Even though he'd been locked up for  over a year with months to go, he was still providing for my mother and I behind prison walls. Terrence was the only son of our parents, Angela and Terrence Hill. We'd been an average working class African-American family. That is until our father was killed leaving Terrence as the man of the family. He was only 15 at the time. My brother found out fast he'd have to step into our fathers shoes if our family was going to survive. Terrence loved our mother more than anything, they'd always been close. So it wasn't hard for us to see even as children, her downward spiral after our father was killed in the car accident. In a word; our mom  was weak. Without her husband it was as if she couldn't function.  Loving Terrence Sr. and being a housewife and mother to his kids had been her only aspiration. When my dad had been killed it was hard for my mom  to transition and realize she would now have to be the bread-winner if our family was going to be taken care of. Mom didn’t digest the new reality that our families survival was now dependent solely on her. She just didn't fuckin' get it.

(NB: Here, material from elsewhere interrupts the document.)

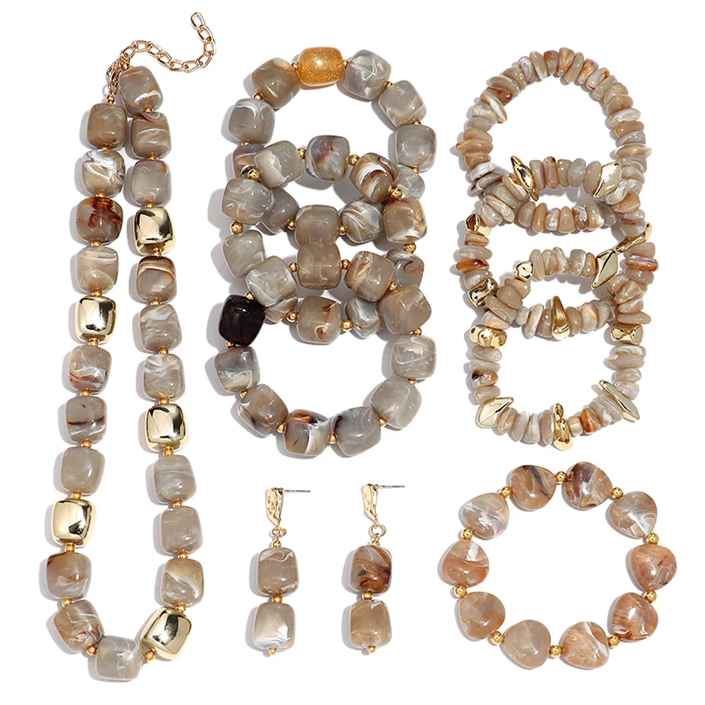 Nuovi Braccialetti Elastici con Perline Geometriche in Acrilico Effetto Craquelé, Collana con Perline Irregolari Marmorizzate, Gioielli da Donna, Regali

There had been no huge payout from the insurance company. In fact even though we had insurance and our father was found to not be at fault, the insurance company paid out very little and our mother was too distraught to fight a case we could have won. We relied on the help of the few family members that were in the city with us. But when they were struggling as well, how much help could they actually be? It was tough asking for a handout from people that were barely eating themselves.

Growing up in Brooklyn exposed my brother Terrence to many things. Both good and bad so when faced with the possibility of our family starving and being homeless, Terrence didn't feel he had any choice. Terrence was only sixteen at the time and we'd spent the last year struggling. I was twelve and our family was in desperate need of the money. Terrence knew he could easily make what we needed to survive. Especially when he could see guys he knew from the block flaunting easy money. Money they spent on the latest jeans, sneakers and eating out.

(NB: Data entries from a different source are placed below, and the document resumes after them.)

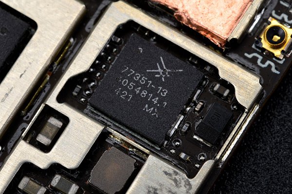图为金立Elife S5.1主板上的SKY77351基带电源放大芯片,主要用于处理接受的网络信号。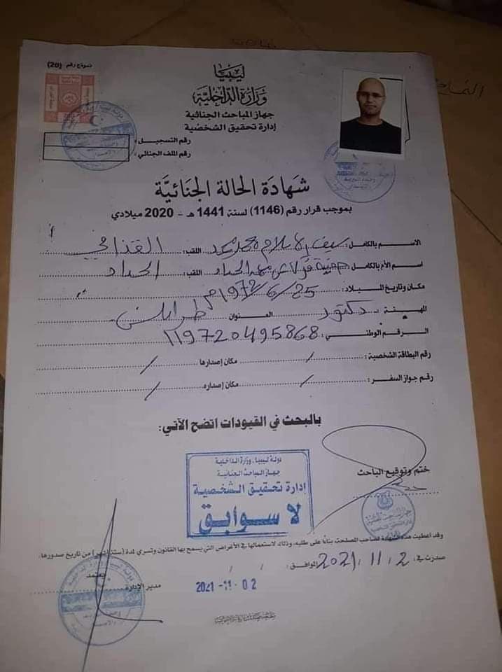 إلا أن صورة للسجل العدلي لنجل القذافي حديثة الصدور، أظهرت عبارة "لا سوابق"، ويبدو أنها الوثيقة التي استند فيها سيف الإسلام لإيداع ملف ترشحه لانتخابات الرئاسة الليبيبة.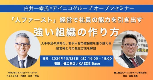 「笑顔を創造し続ける」を企業理念とするアイニコグループ株式会社(旧社名:株式会社楓工務店、代表者:田尻 忠義、所在地:奈良県奈良市)は、WBC侍ジャパン元ヘッドコーチであり、同社顧問を務める白井一幸氏と、2024年10月23日(水)に「人ファースト」経営で社員の能力を引き出す「強い組織の作り方」オープンセミナーを開催いたします。

We needed it to survive. To pay the rent our mother wasn't paying. To put clothes on our backs and keep our bellies full. Terrence was sixteen years old when he started and what I know scared him the most is how easy it all came to him. So easy that by the time my brother was nineteen, he was one of the top soldiers in the Jamel's crew. The Jamel Owens crew was a crime organization that ran deep through Brooklyn and other boroughs of New York. Each area they had a hold on had it's own specialty. Terrence's area of expertise was soon cultivated in the drug game.

In all the time Terrence worked with the Jamel's crew he'd avoided any run-ins with the law with the exception of  the one incident that found him in his current situation. Terrence had been given two years in Samson State Penitentiary after he'd been convicted of aggravated assault against some muthafucka who'd been harassing me at the time.

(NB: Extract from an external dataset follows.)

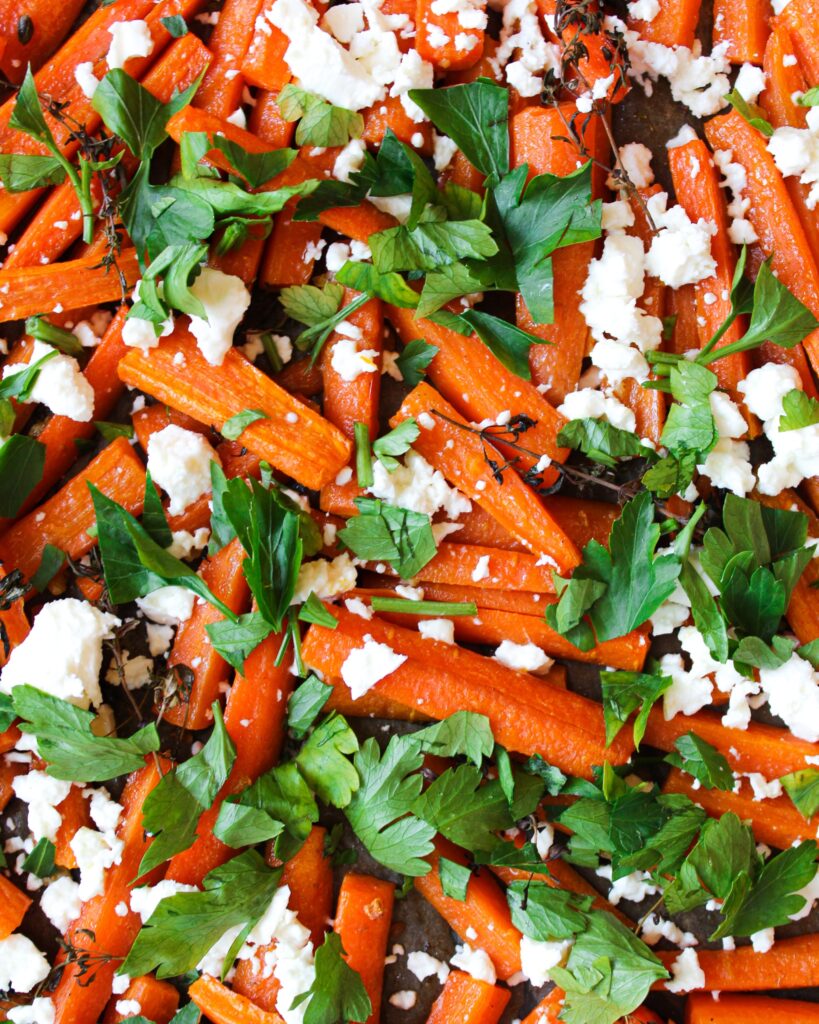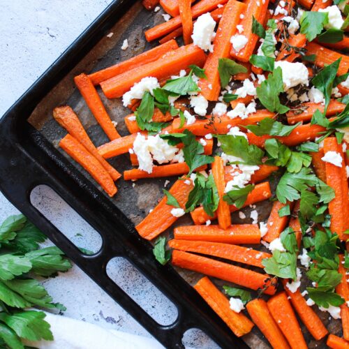 - Karotten aus dem Ofen holen und Feta sowie Petersilie darüber streuen.

I'd actually been so mad at Cordell that I'd ran my ass straight to Terrence complaining about Cordell harassing me. If only I'd just listened to him and stayed away from Cordell, things may not have gotten so bad. They say a hard head makes a soft ass but I guess it was a lesson I was still learning because even though my brother was doing time behind my bullshit with Cordell, I was still fuckin' with the nigga. I was addicted to him. No matter how hard I tried I just couldn't leave his ass alone. So for the last year I'd been seeing Cordell behind closed doors.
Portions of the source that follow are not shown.